The Fund's remaining argument is that it was erroneously required to pay compensation for a permanent partial disability of 12½%. We agree. The claimant admittedly reduced his disability to 10% by the operation. He did not notify the Commission or the Fund of his intention to have the operation or request that the Fund pay for the operation before he had it. The employer or insurer has the first right of selecting the physician and services requisite to proper treatment of the employee. Baeza v. Remington Arms Co., 122 Colo. 510, 224 P.2d 223; C.R.S. '53, 81-12-12 (1960 Perm.Supp.).
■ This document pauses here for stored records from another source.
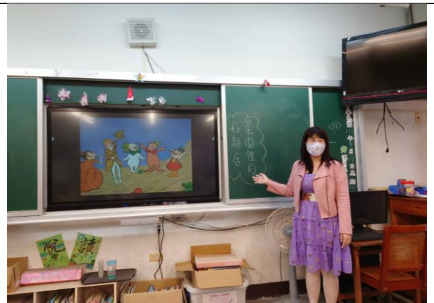
「菜園裡的好鄰居」繪本 PPT 賞析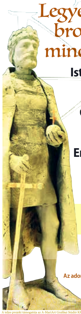
A teljes projekt támogatója az A-MariArt Grafikai Stúdió Kft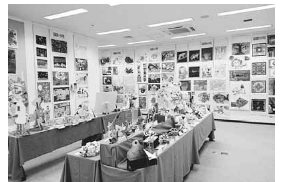
▲小学生の図画工作作品

稲城の子どもたちが、工夫し、力を発揮し、一所懸命仕上げた作品が勢ぞろいし、多くの来場の方々をお迎えしました。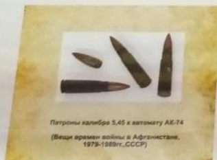
Патроны калибра 5,45 к автомату АК-74 (Вещи времен войны в Афганистане, 1979-1989гг.,СССР)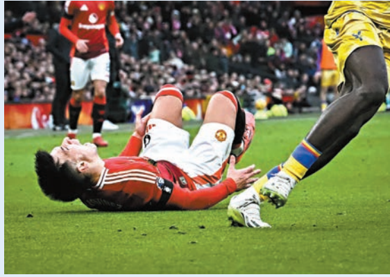
利辛度馬天尼斯痛苦倒地。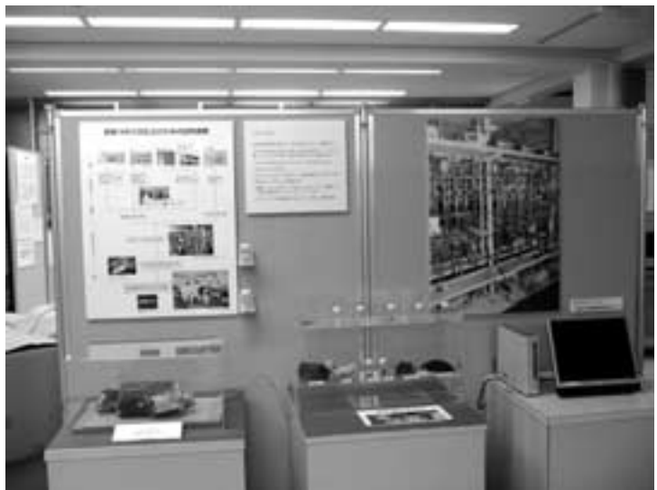
図11 炭素14年代測定法のための試料調整コーナー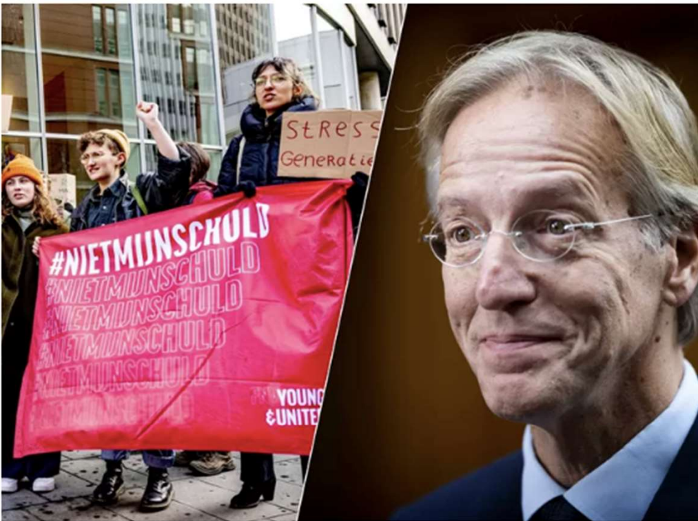
▲ Studenten houden een actie voor de deur van het ministerie van OCW/Robbert Dijkgraaf, demissionair minister van Onderwijs, Cultuur en Wetenschap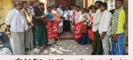
అదో, ఏప్రిల్ 06, అక్షర టైమ్స్:- అదోని మండలంలో ఉపాధి పనులు కల్పించాలని, ముఖ్య హాజరు రద్దు చేయాలని, అద్దలైన వృద్ధులు, వితంతువులు, వికలాంగులకు, పెన్షన్లు మంజూరు చేయాలని, అద్దల కలిగిన వాళ్ళందరికీ ఇబ్బలు మంజూరు చేసి పెండ్లిలో ఉన్న వారికి ఇంటి బిల్లులు ఇవ్వాలని కోరుతూ ఆంధ్ర ప్రదేశ్ వ్యవసాయ కార్మిక, గ్రామీణ కార్మిక సంఘం అధ్యక్షులు ఎంపీ డి.వో. కార్యాయం ముందు ధర్మా నిర్వహించడమైనది. అనంతరం ఈ సందర్భంగా వ్యవసాయ కార్మిక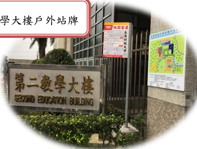
第二教學大樓戶外站牌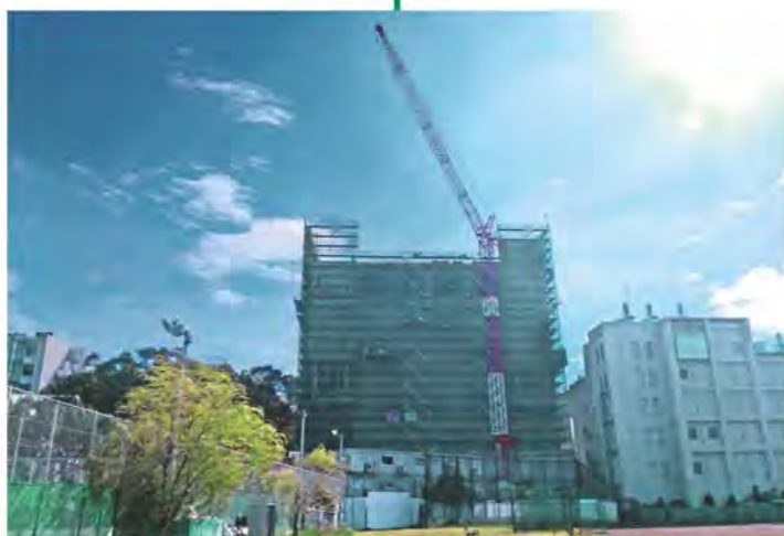
2020年10月 屋上階 鉄筋・型枠工事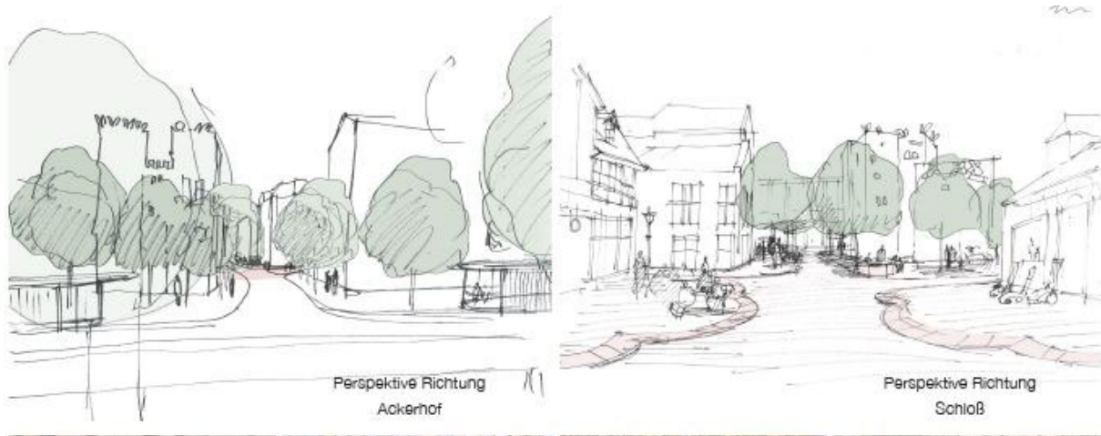
- Erste Ideenskizzen Ackerhof (Welpvon Klützing Braunschweig)

Träger: Stadtplanungs-, Verkehrs-, Tiefbau- und Baudezernat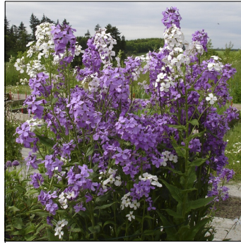
Aftenstjerne, Hesperis matronalis , Aftenstjerne, almindelig FS0558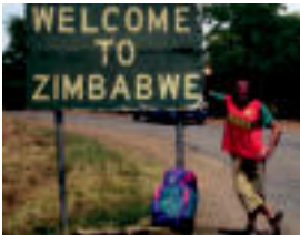
Bidaia tolosarra Zimbabwoko megal. FERNANDEZ

Gehien hartu zaituztena? Nolako kantarik. Victoriakoak ez nintzen ondo ikusi ez zelako euri garria. Eta gero nire bizitza izusi dudako guzuztik harri gertuena derbitsean fustizian da, jendea transezian ikusta, buelak, korrika eta jauzia. Edo bestela antzerkia ando egiten zuten. Turkiako zuzentzen nuen, baina desberdina zuten. Esperientzia bereziena bat? Lihano Hezokako jendearen elgoketa eta bere ideologia eta helburua ezagutzeko aukera izan zuten.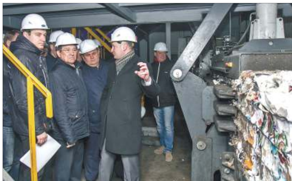
Депутаты, общественники и представители муниципальной власти познакомились с процессом сортировки ТКО для вторичного использования

- В настоящее время существует ряд проблем. Например, изменяется единица измерения данной услуги - вместо квадратных метров будут платить в зависимости от количества проживающих. Поэтому для тех граждан, у которых размер площади на человека меньше среднего, принятого раньше для расчета в составе платы за содержание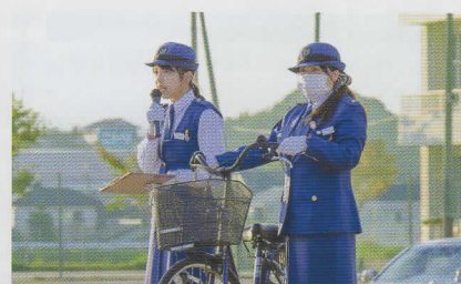
こうつう あんぜん きょうしつ 交通安全教室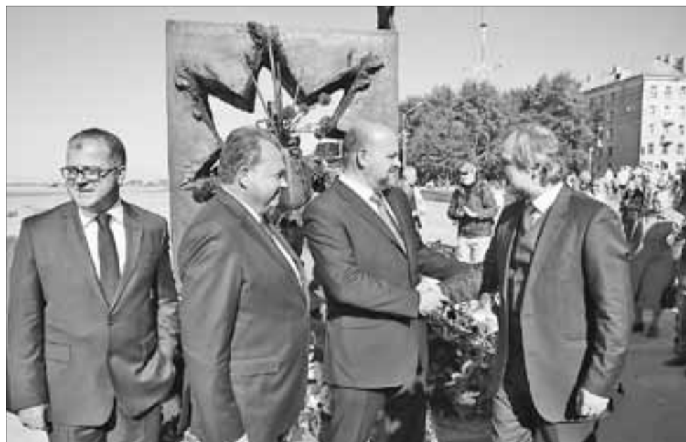
■ Генконсул Великобритании в Санкт-Петербурге Аллан Кит Ренни, мэр Архангельска Виктор Павленко, глава региона Игорь Орлов и Чрезвычайный и Полномочный Посол Великобритании в России Тим Барроу.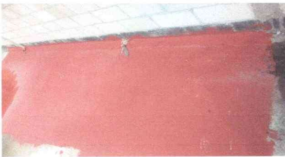
Finalizacion de la Aplicación del Impermiabilizante en la Parte de la Terraza del Establecimiento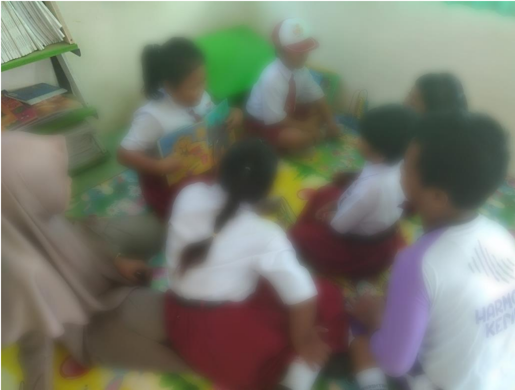
Gambar Pembelajaran ABK dengan bantuan tutor sebaya SDN Nurengan 5 Kediri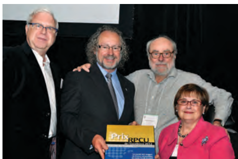
Comité de l'année Le comité des usagers du Centre universitaire de santé McGill, CUSM (Montréal).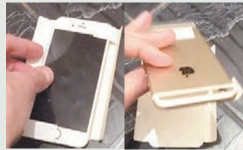
9to5mac則指影片中的新iPhone揚聲器大小與4.7吋屏幕版相若，故不肯定新iPhone較小。

中國移動早前曾表示，iPhone 7c將於3月推出，是首次提到新iPhone名稱。蘋果據報將於3月發佈會推出新智能手錶Apple Watch 2，並先推

Moreover, an injured workman has a general obligation to act reasonably in minimizing the consequences of his injury and the liability of his employer. E. L. Mendenhall Co. v. Kell, 359 P.2d 234 Okl.); Lobnitz v. Orange Memorial Hospital, 126 So. 2d 739 (Fla.); Morono v. Cody, 99 N.H. 479, 115 A.2d 650. Under his duty to minimize damages, the claimant must notify the insurer or the Commission of a proposed treatment, in order to give the insurer the opportunity of paying the medical expenses. The insurer may resultantly be able to have the claimant's disability (and, consequently, its payments) reduced a great deal by paying a relatively small medical expense. If the claimant does not give this opportunity to the insurer, but incurs the medical expense on his own, the insurer's liability is limited to compensation for the lower degree of disability which resulted from the operation. On the other hand, if the insurer refuses to pay for the corrective surgery after notice to him that the claimant desires such surgery, the insurer is liable for the degree of disability which obtained before the corrective surgery.

The judgment is reversed and remanded, with directions to order the Commission to enter an award for compensation for a permanent partial disability of 10%.